Amanda Huling and her family were assessing the damage to their neighborhood in Slidell, Louisiana, when they noticed the dolphin swimming through the inundated suburban landscape.

In video shot by Huling, the marine mammal’s dorsal fin can be seen emerging from the water.

“The dolphin was still there as of last night but I am in contact with an organization who is going to be rescuing it within the next few days if it is still there,” Huling told FOX 35.
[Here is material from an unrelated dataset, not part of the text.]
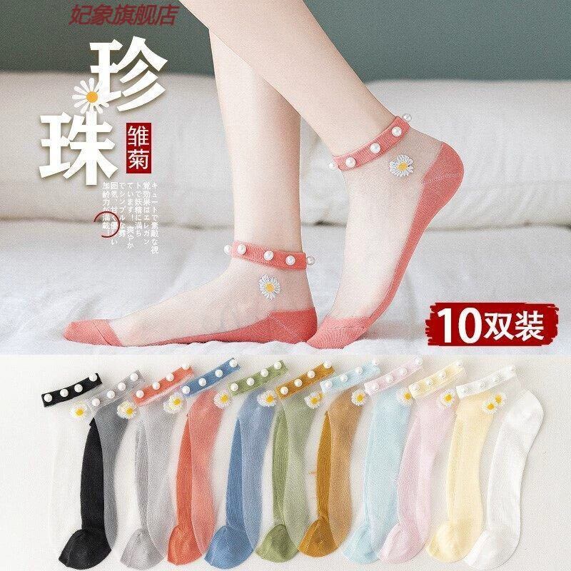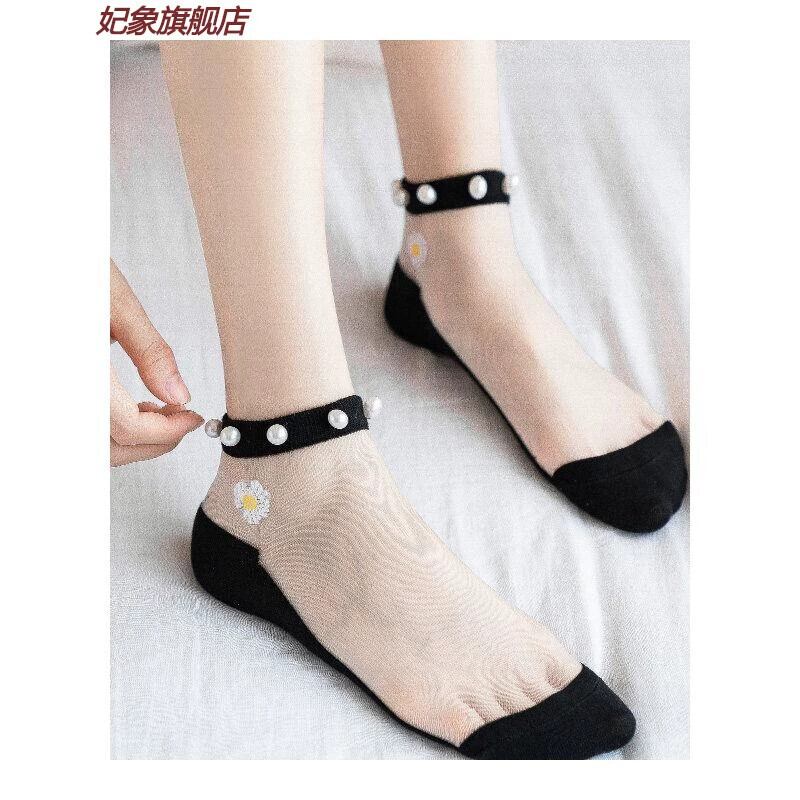 パールソックスレディース、スタイルソックス、ストッキングレディース、夏の薄いクリスタルソックス、浅いボートソックス、透明なレディースソックス、小さなデイジー サマー 夏物 タイツ 真珠 huang50035729645 | CFTsexy-fashion

Ida slammed into the coast of Louisiana this past weekend. The Category 4 hurricane ravaged the power grid of the region, plunging residents of New Orleans and upwards of 1 million homes and businesses in Louisiana and Mississippi into the dark for an indefinite period of time.

Officials have warned that the damage has been so extensive that it could take weeks to repair the power grid, reports Associated Press.

Also in Slidell, a 71-year-old man was attacked by an alligator over the weekend while he was in his flooded shed. The man went missing and is assumed dead, reports WDSU.

Internet users began growing weary last year about the steady stream of stories belonging to a “nature is healing” genre, as people stayed indoors and stories emerged about animals taking back their environs be it in the sea or in our suburbs.

However, these latest events are the surreal realities of a world in which extreme weather events are fast becoming the new normal – disrupting our lives in sometimes predictable, and occasionally shocking and surreal, ways.